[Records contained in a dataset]
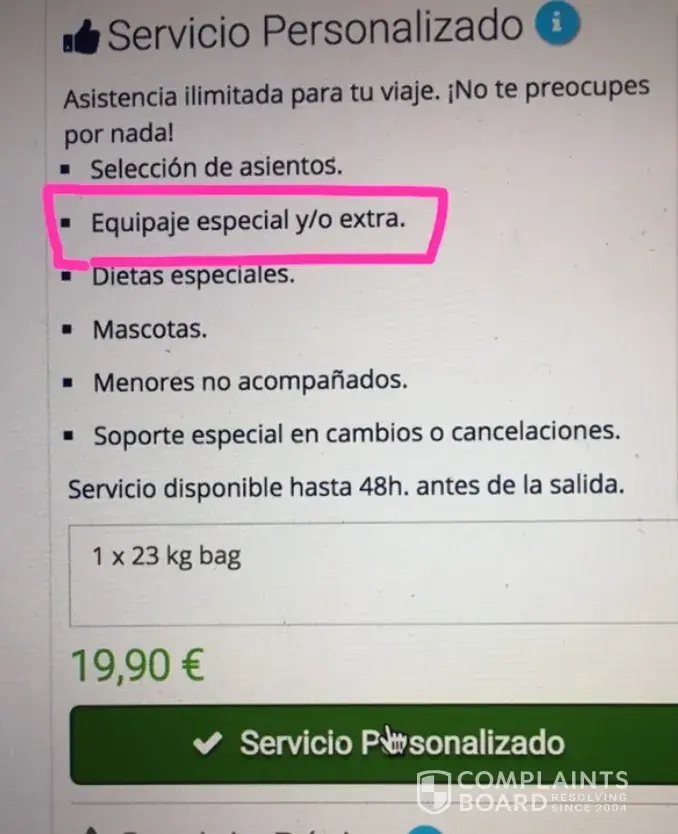 My point is that I paid for an extra service, that I know the airline offers. Travelgenio immediately told me that they can't book it, that I need to pay extra at the airport, and that the money I paid through Travelgenio is not refundable. I am quickly starting to feel like a pretty undesired customer. I bought through Travelgenio many times before, through Skyscanner, because I've never had any issues. I find this issue quite simple, but a the same time quite a deal breaker if I don't get any sort of compensation: either the 20 euros back, or as simple as one 23 kg checked bag in my flight.
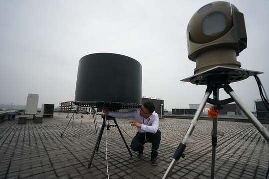科研人員在調(diào)試“蜘蛛網(wǎng)反無(wú)人機(jī)系統(tǒng)”。記者 季春鵬 攝
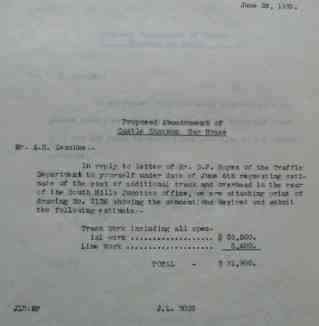 Apologies for the poor quality of this scan. It is dated June 1930 and is titled "Proposed Abandonment of Castle Shannon Car House". It goes on to show the cost of installing a loop around South Hills Junction Administration Building.
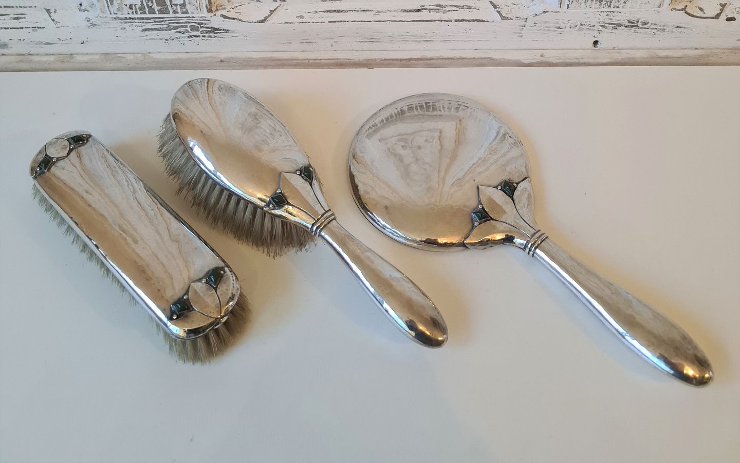 Art Nouveau toilet set by Emil Hansen - Odense. The set is produced in silver adorned with green stones - presumably chrysoprase.
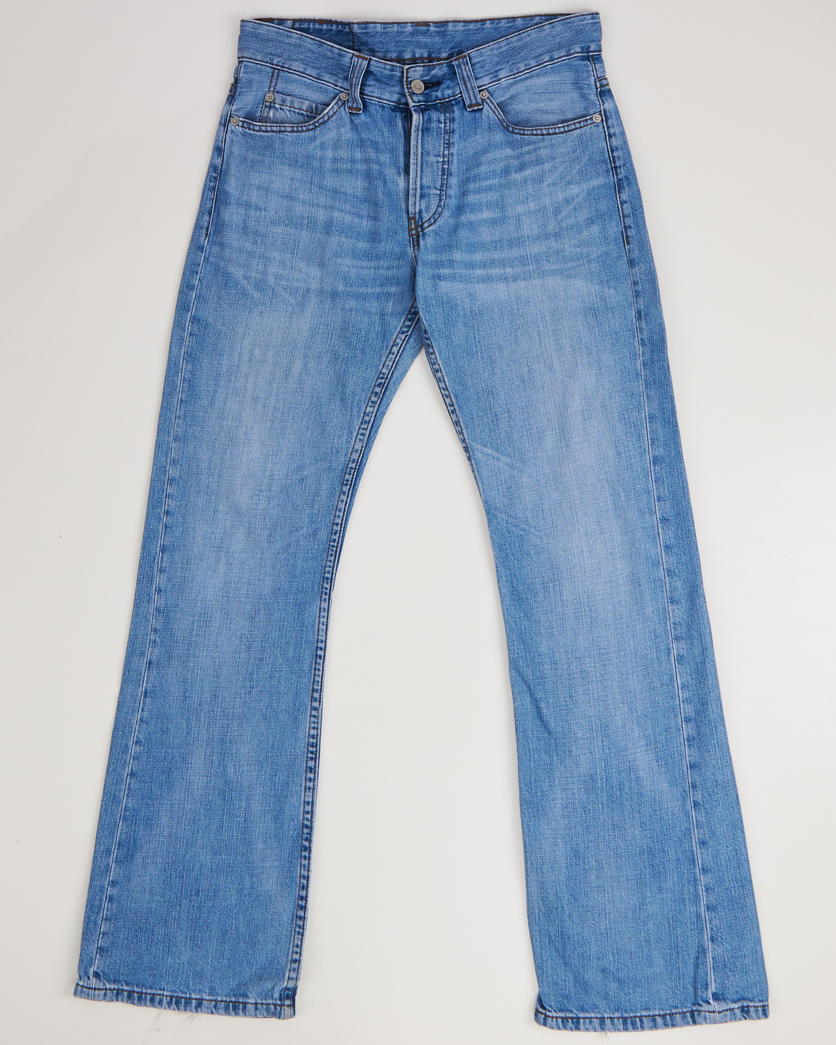 Джинсы из плотного денима Levi’s модель 512 с прямым силуэтом и лёгким расширением к низу. Классическая пятикарманная конструкция. Застежка на болты. Фирменный патч на поясе
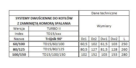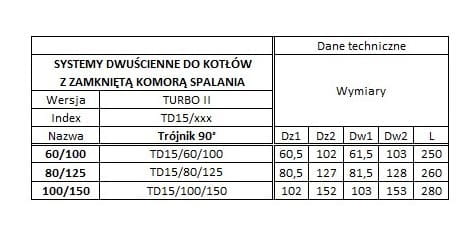 Trójnik 90 st kwasoodporny TURBO dwuścienny gaz
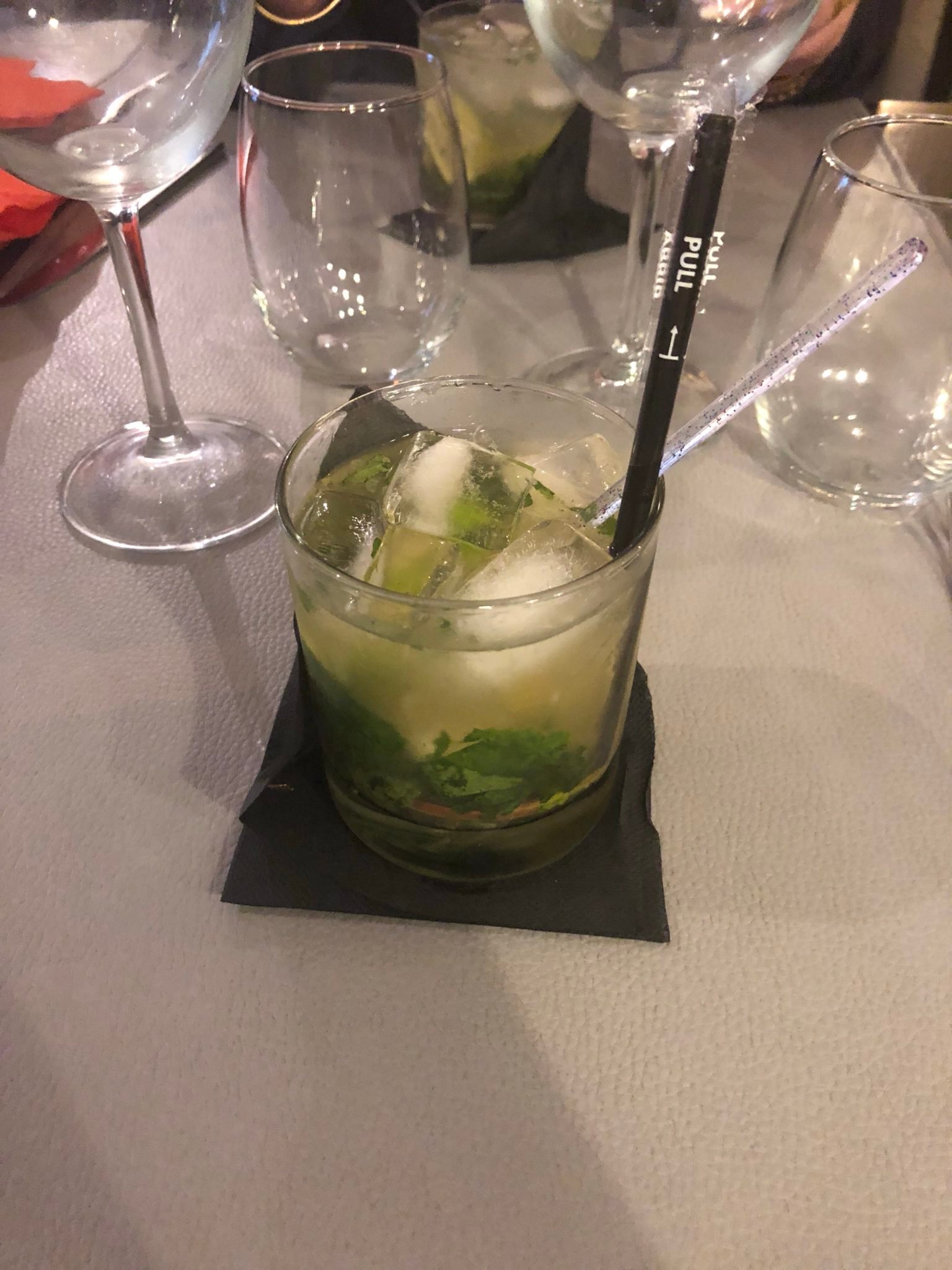 Det blev någon typ av bärkaka med maräng. Såg väldigt fin ut och dom två gottegrisarna som delade på den såg nöjda ut. Jag och Fredrik tog varsin mojito och den var makalöst god.
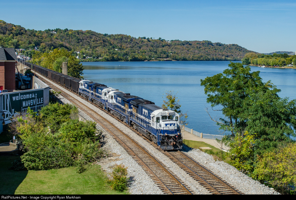 After running around their train, TTI loads ease through the river town of Maysville. In November, CSX (the parent company) announced that the transflow facility would be shut down due to lack of business. Immediately afterwards, the line from Paris to Maysville was taken out of service.
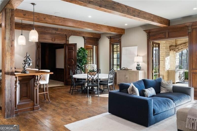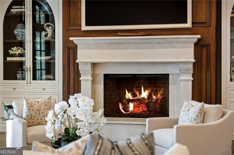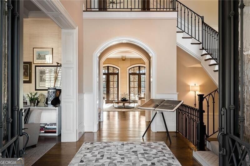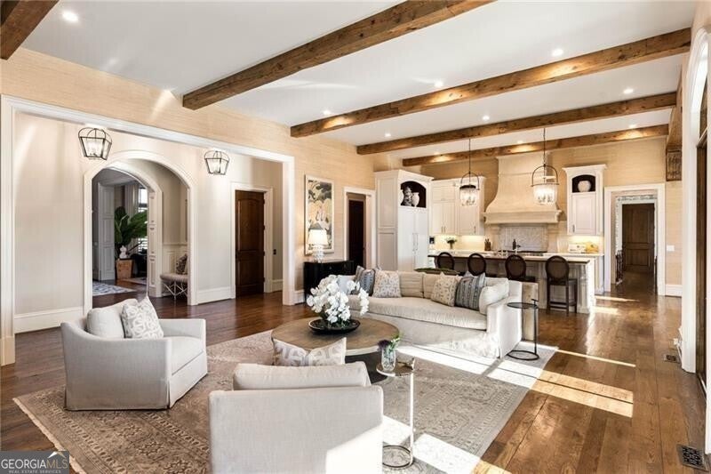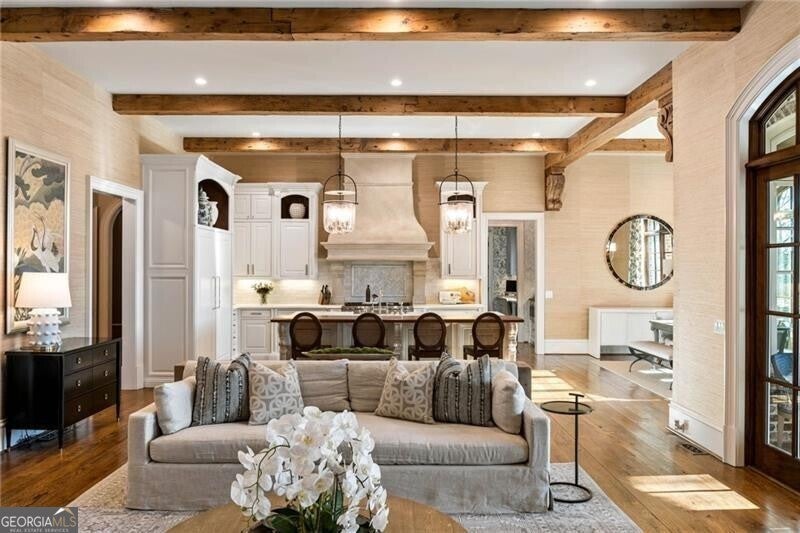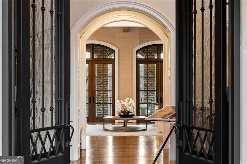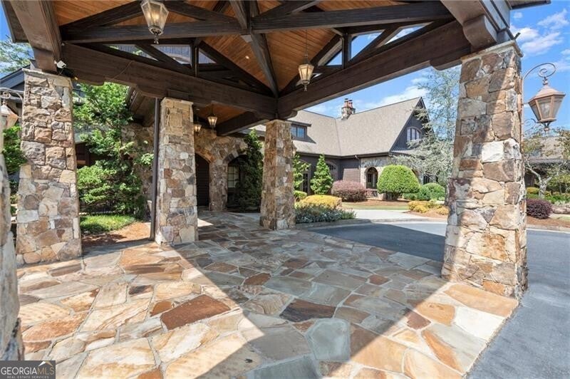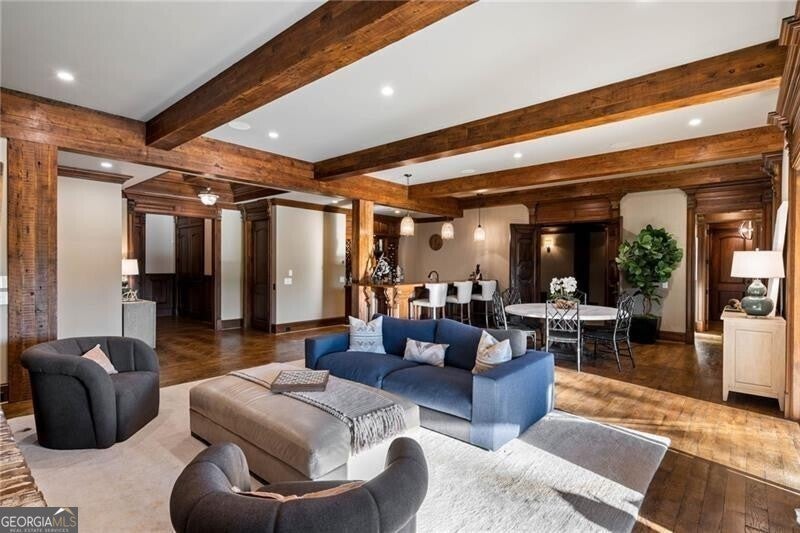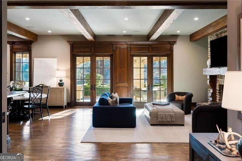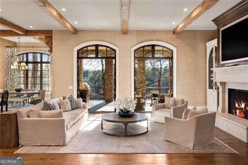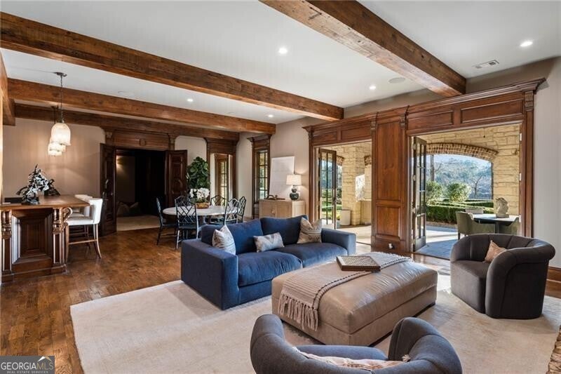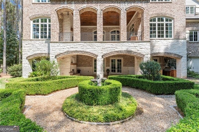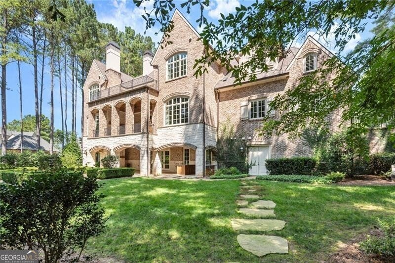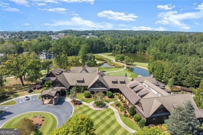 Discover an unparalleled experience in The River Club, where luxurious living meets a refined community, creating an experience unmatched anywhere else. Embrace a lifestyle of sophistication and leisure, where every day feels like a getaway in an exceptional neighborhood. This magnificent estate offers designer elegance with breathtaking views of the 13th hole of the golf course and lake, ensuring total privacy with the serene Chattahoochee River just beyond. The backyard is beautifully enhanced by an elegant English Garden-style landscape, creating a tranquil outdoor retreat. Upon entering, you are greeted by a welcoming foyer that flows seamlessly into the stylishly appointed martini room, which exudes a moody and sophisticated ambiance while also offering the versatility to serve as a formal dining room. The attention to detail is immediately apparent, with custom metal handrails adorning the staircase leading to the second floor. The expansive fireside great room, adorned with rustic wood beams, opens to a meticulously designed kitchen and breakfast room, perfect for both entertaining and everyday living. The kitchen extends to include a charming coffee bar area, complemented by a gorgeous walk-in butler's pantry, enhancing functionality and style. Double french doors lead to an outdoor retreat featuring a cozy fireplace, creating a seamless indoor-outdoor flow that enhances the overall ambiance. The luxurious primary suite is conveniently located on the main level and features distinctive herringbone-pattern hardwood floors that highlight the elegance of the space. The en-suite bath includes a separate soaking tub, an oversized zero-entry shower, dual vanities, a ladies' makeup vanity, and spacious his and her closets. A light-filled sitting room completes this exceptional suite. Ascending to the second floor, you will find three well-appointed secondary bedrooms. Two of these bedrooms are mirror images of each other, each boasting spa-like baths, sitting areas, and expansive closet space. Both suites enjoy access to private rooftop terraces with picturesque views of the lake and golf course. Additionally, convenient elevator service provides access to all three floors. The lower level is designed for entertaining and includes a custom bar, media room, state-of-the-art home theater, home gym, a massage room, and an oversized en suite guest bathroom. This home features an array of unique finishes that are truly one-of-a-kind, including reclaimed beams, exquisite ceiling treatments, distinctive door hardware, and custom lighting fixtures. Welcome home to The River Club where residents enjoy a wealth of amenities, including a championship golf course, a state-of-the-art fitness center, and a stunning clubhouse with elegant dining and event spaces. The resort-style swimming pool features Olympic lanes, a thrilling waterslide, and comfortable cabanas, while tennis and pickleball courts offer additional recreational opportunities. With picturesque walking trails, serene lakes, and beautifully landscaped parks, residents can embrace an active lifestyle and a strong sense of community.
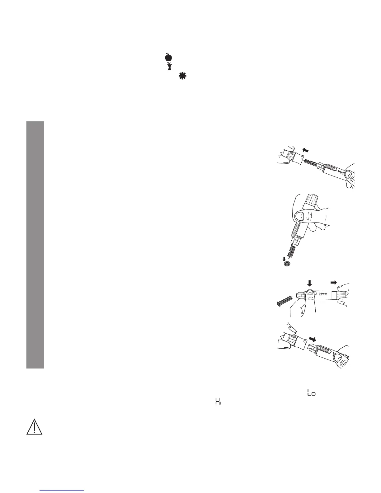 Your blood glucose monitor can process values between 1.1 and 35.0 mmol/L. The “ ” warning is
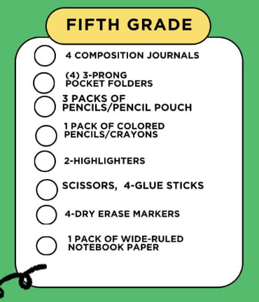 2025-2026 5th grade supply list
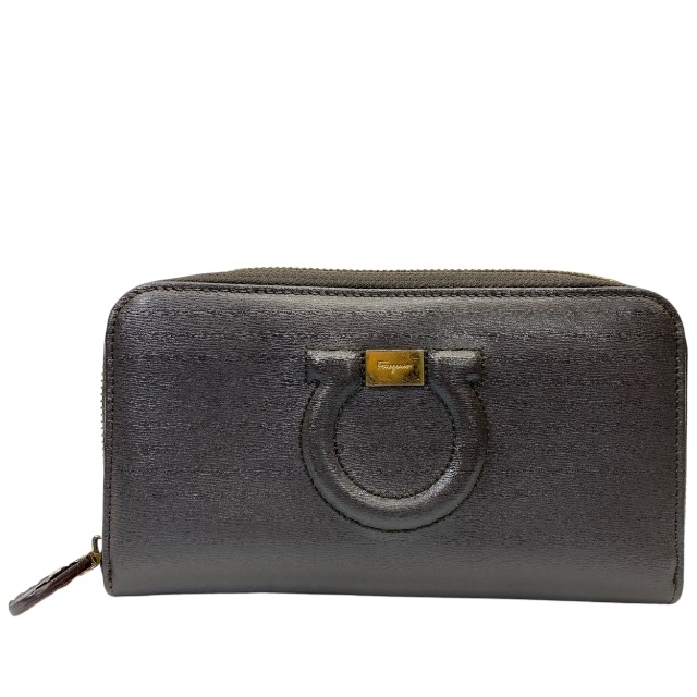 > Salvatore Ferragamo フェラガモ ガンチーニ 財布 長財布 ラウンドファスナー ロングウォレット ロゴ レザー ブラウン
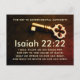 Inspirational quote scripture postcard features Bible Verse Isaiah 22:22; "I will place on his shoulder the key to the house of David; what he opens no one can shut, and what he shuts no one can open."-
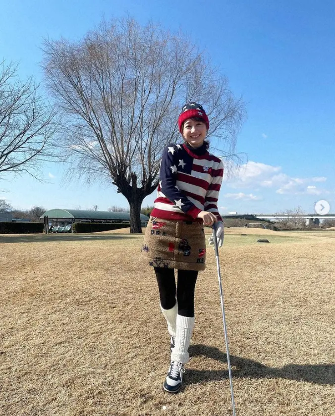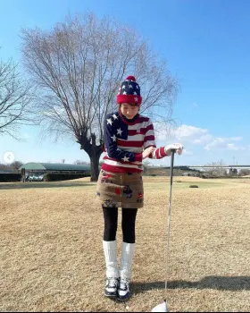 「プライベートゴルフ スコアは…秘密 笑」とつづり、星条旗のデザインのニット帽とトップス、ミニスカート姿の写真をアップした。

# PROBLEM TO SOLVE:
Set down again, word for word, every line from the one with "Джинсы из плотного" to the one with "After running around" in the entries above, and omit the pictures.

# RESULT BELOW:
 Джинсы из плотного денима Levi’s модель 512 с прямым силуэтом и лёгким расширением к низу. Классическая пятикарманная конструкция. Застежка на болты. Фирменный патч на поясе
 Trójnik 90 st kwasoodporny TURBO dwuścienny gaz
 Det blev någon typ av bärkaka med maräng. Såg väldigt fin ut och dom två gottegrisarna som delade på den såg nöjda ut. Jag och Fredrik tog varsin mojito och den var makalöst god.
 After running around their train, TTI loads ease through the river town of Maysville. In November, CSX (the parent company) announced that the transflow facility would be shut down due to lack of business. Immediately afterwards, the line from Paris to Maysville was taken out of service.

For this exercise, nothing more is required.